__What you need to do__:
The full listing, minus its pictures, should be printed again exactly as it stands.

======== Entries provided

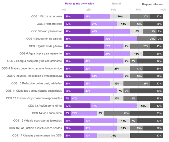 Por su parte, hay una menor relación entre el ODS2: Hambre cero y la dimensión Extensión o proyección social (40%), entre el ODS8: Trabajo decente y crecimiento económico y las dimensiones Investigación y tecnología y Extensión o proyección social (40%) y entre ODS17: Alianzas para alcanzar los ODS y la dimensión Investigación y tecnología (33%).
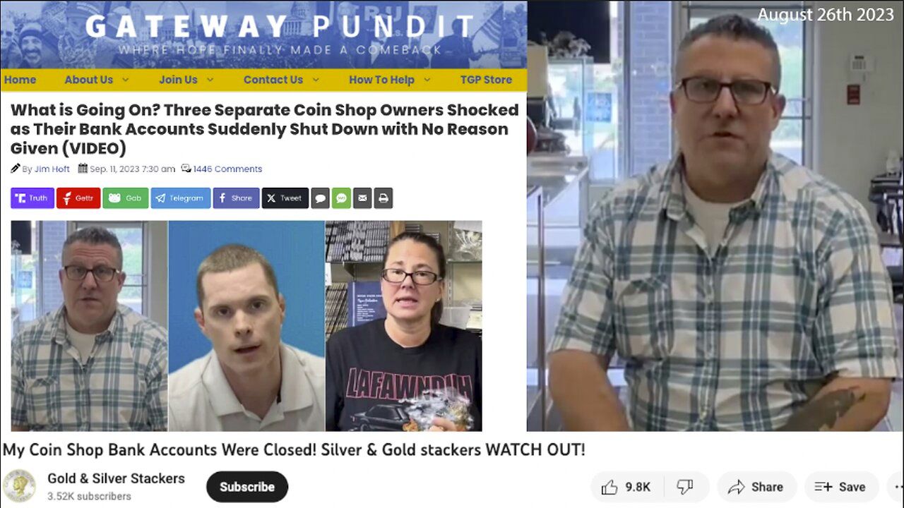 Gold | Three Separate Coin Shop Owners Shocked As Their Bank Accounts Suddenly Shut Down With No Reason Given - Gateway Pundit - September 11th 2023
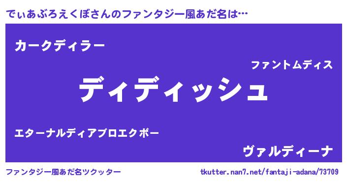 | 男性向けラノベタイトル風あだ名 | 『でぃあぶろえくぼという概念が存在しない退屈な世界 』 |
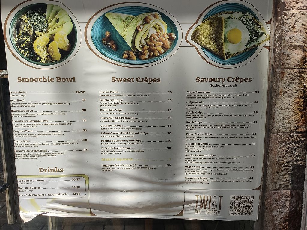 The place has a loooot of options for vegetarians and couple of options for vegans. I am personally not a big fan of aubergines but the crepe with aubergine was tasty, even for me. The sweet crepes are also good! My dream is to try the artichoke one, as for the two times i've visited the place it wasn't available...
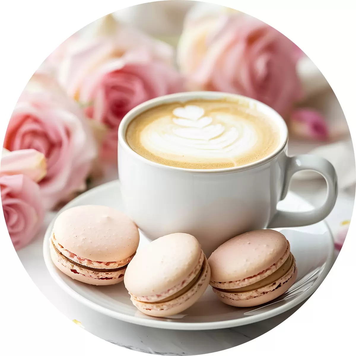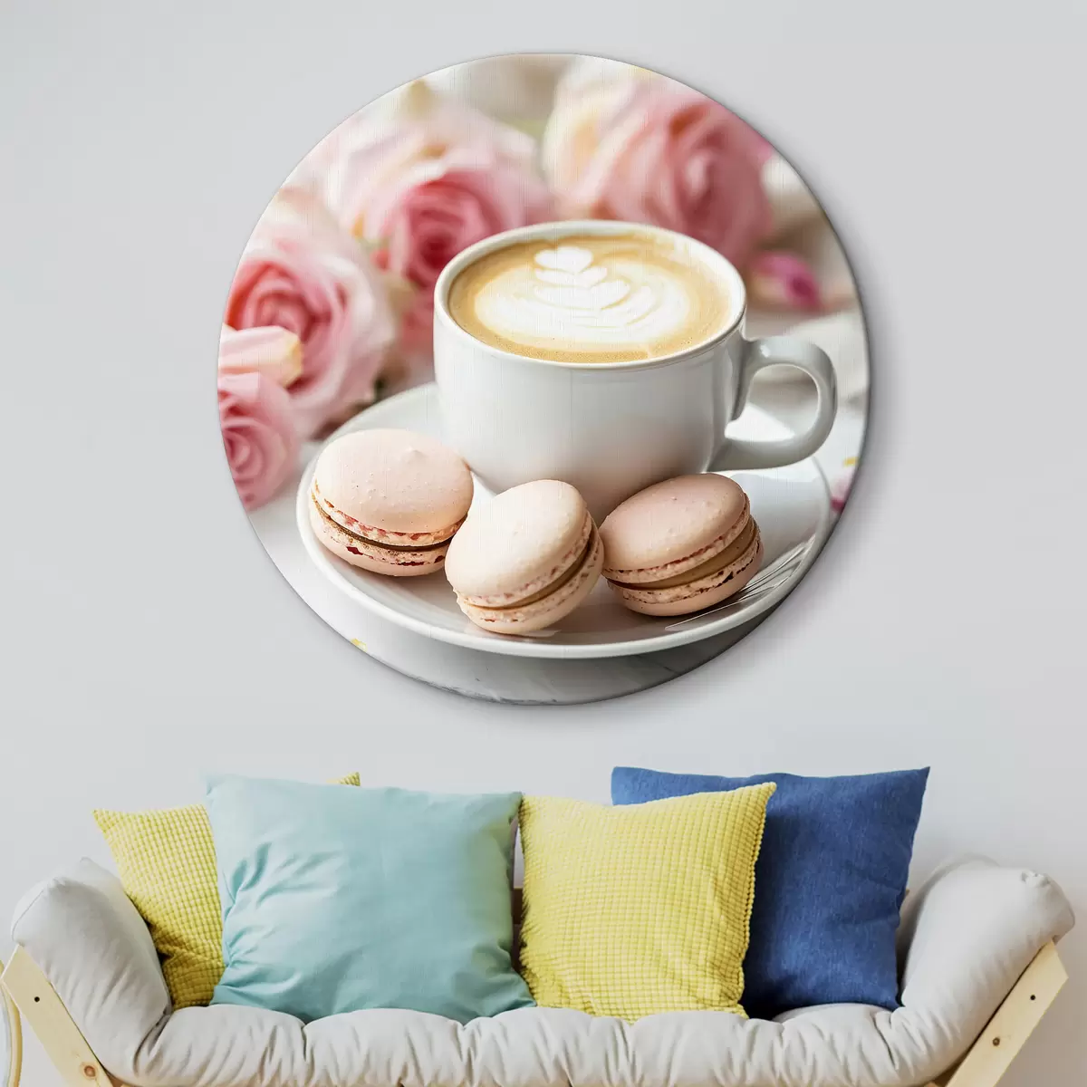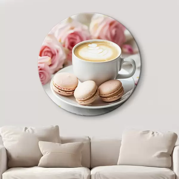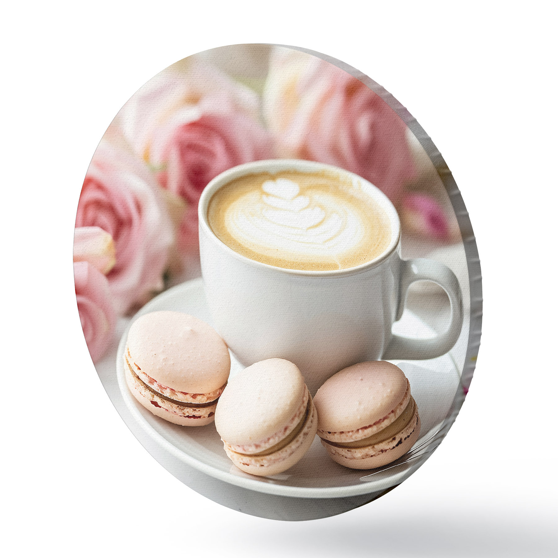 Apaļas gleznas Kafijas tase uz smalka ziedu fona r39232
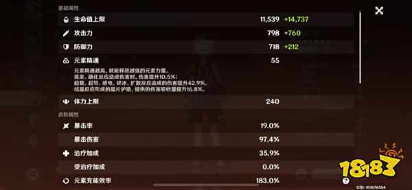 元素充能效率180%以上,暴击率保持50%左右再堆其他属性

================

__Expected output__:
 Por su parte, hay una menor relación entre el ODS2: Hambre cero y la dimensión Extensión o proyección social (40%), entre el ODS8: Trabajo decente y crecimiento económico y las dimensiones Investigación y tecnología y Extensión o proyección social (40%) y entre ODS17: Alianzas para alcanzar los ODS y la dimensión Investigación y tecnología (33%).
 Gold | Three Separate Coin Shop Owners Shocked As Their Bank Accounts Suddenly Shut Down With No Reason Given - Gateway Pundit - September 11th 2023
 | 男性向けラノベタイトル風あだ名 | 『でぃあぶろえくぼという概念が存在しない退屈な世界 』 |
 The place has a loooot of options for vegetarians and couple of options for vegans. I am personally not a big fan of aubergines but the crepe with aubergine was tasty, even for me. The sweet crepes are also good! My dream is to try the artichoke one, as for the two times i've visited the place it wasn't available...
 Apaļas gleznas Kafijas tase uz smalka ziedu fona r39232
 元素充能效率180%以上,暴击率保持50%左右再堆其他属性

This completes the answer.